Technically, the interval in which the script extracts data from the MMDA website is flexible. Hence, the same script can be used for other scraping tasks. 

* For visualization
    1. numpy - in particular, numpy arrays were used for its flexibility.
    2. matplotlib - this is a powerful and reliable visualization tool. 

* For Data Extraction
    1. BeautifulSoup - used to process html data. 
    2. various selenium sublibraries - this was used to extract DYNAMIC web content.

In [None]:
#Define constants here
global target_runs
global interval

target_runs = 672 #7 days
interval = 15 # in MINUTES

#Libraries For Scheduling
import schedule
import time
import datetime
import os, os.path 
from sys import exit

#Libraries for visualization
%matplotlib notebook
import numpy as np
import matplotlib
import matplotlib.pyplot as plt
import matplotlib.animation as animation

#Libraries For Data Extraction
from bs4 import BeautifulSoup
from selenium.webdriver.support.ui import WebDriverWait
from selenium.webdriver.support import expected_conditions as EC
from selenium.webdriver.common.by import By
from selenium import webdriver
from selenium.common.exceptions import WebDriverException   

### Data Extraction
The flow is as follows:
1. The webdriver from selenium will load the page in question. Of course, the url must first be specified. Note that to use webdriver, the appropriate driver must be installed. This has to be done in accordance to the browser being used. For example, Mozilla Firefox uses geckodriver, Google Chrome uses chromedriver, etc.
2. Once the dynamic web content has been extracted, the data can now be processed using Beautiful Soup. The appropriate data will be extracted according to the webpage's html structure. 
3. Finally, after some pre-processing, the data is ready to be written to a .csv file and used for visualization. 

In [None]:
def data_extraction():
    #specify the url
    url = 'http://mmdatraffic.interaksyon.com/line-view-edsa.php'
    
    # Start the WebDriver and load the page
    wd = webdriver.Firefox()
    wd.get(url)

    # Wait for the dynamically loaded elements to show up
    WebDriverWait(wd, 10).until(
        EC.visibility_of_element_located((By.CLASS_NAME, "line-col")))

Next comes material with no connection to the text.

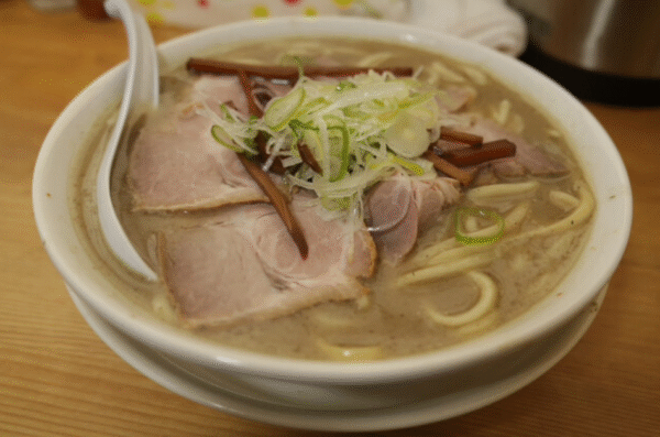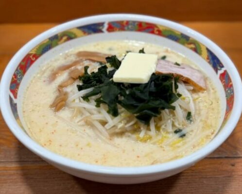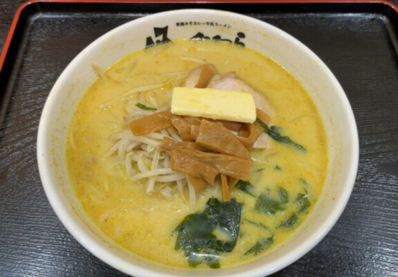 看板メニューの「味噌カレー牛乳ラーメン」は、味噌のコクとカレーのスパイス、牛乳のまろやかさが絶妙に調和した青森市民のソウルフード。札幌ラーメンらしい黄色の中太ちぢれ麺がスープによく絡み、卓上のニンニクや生姜を加えればさらに深みが増すと常連から支持されています。青森空港にも出店しているので、旅の締めくくりにもおすすめです。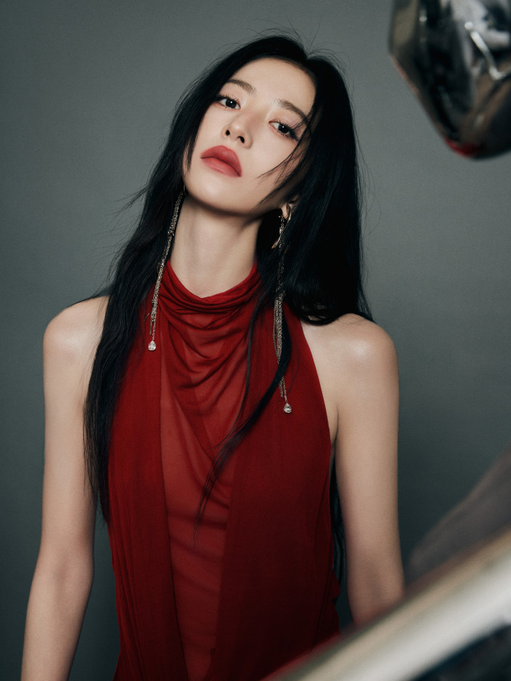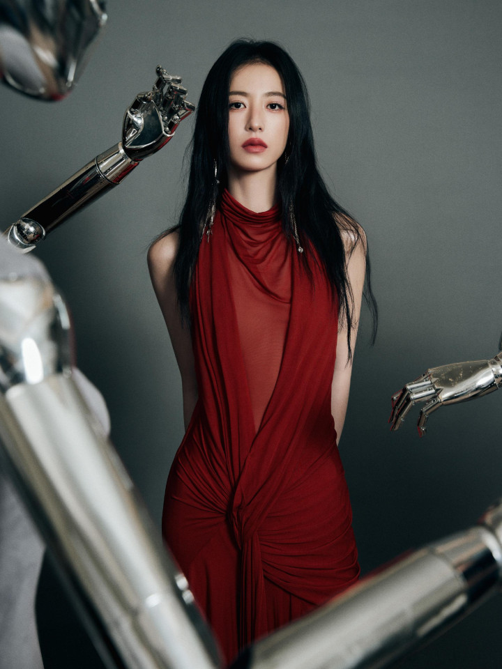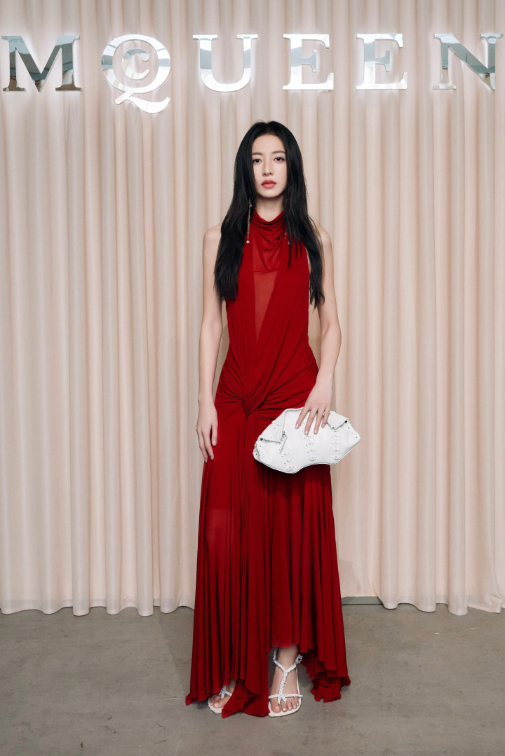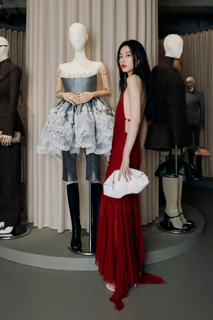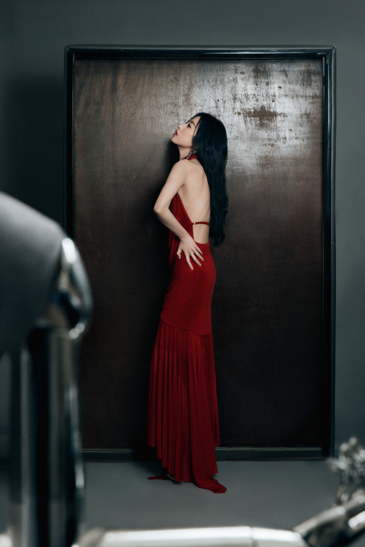 澳门信誉网赌城 周雨彤 修身红裙 光洁好意思背

    # And grab the page HTML source
    html_page = wd.page_source
    wd.quit()

    # Now you can use html_page as you like
    soup = BeautifulSoup(html_page)
    
    #set time stamp.
    ts = time.time()
    timestamp = datetime.datetime.fromtimestamp(ts).strftime('%Y-%m-%d_%H_%M_%S')
    stringdata = "TIMESTAMP: "+ str(timestamp)+"\n"+"\n"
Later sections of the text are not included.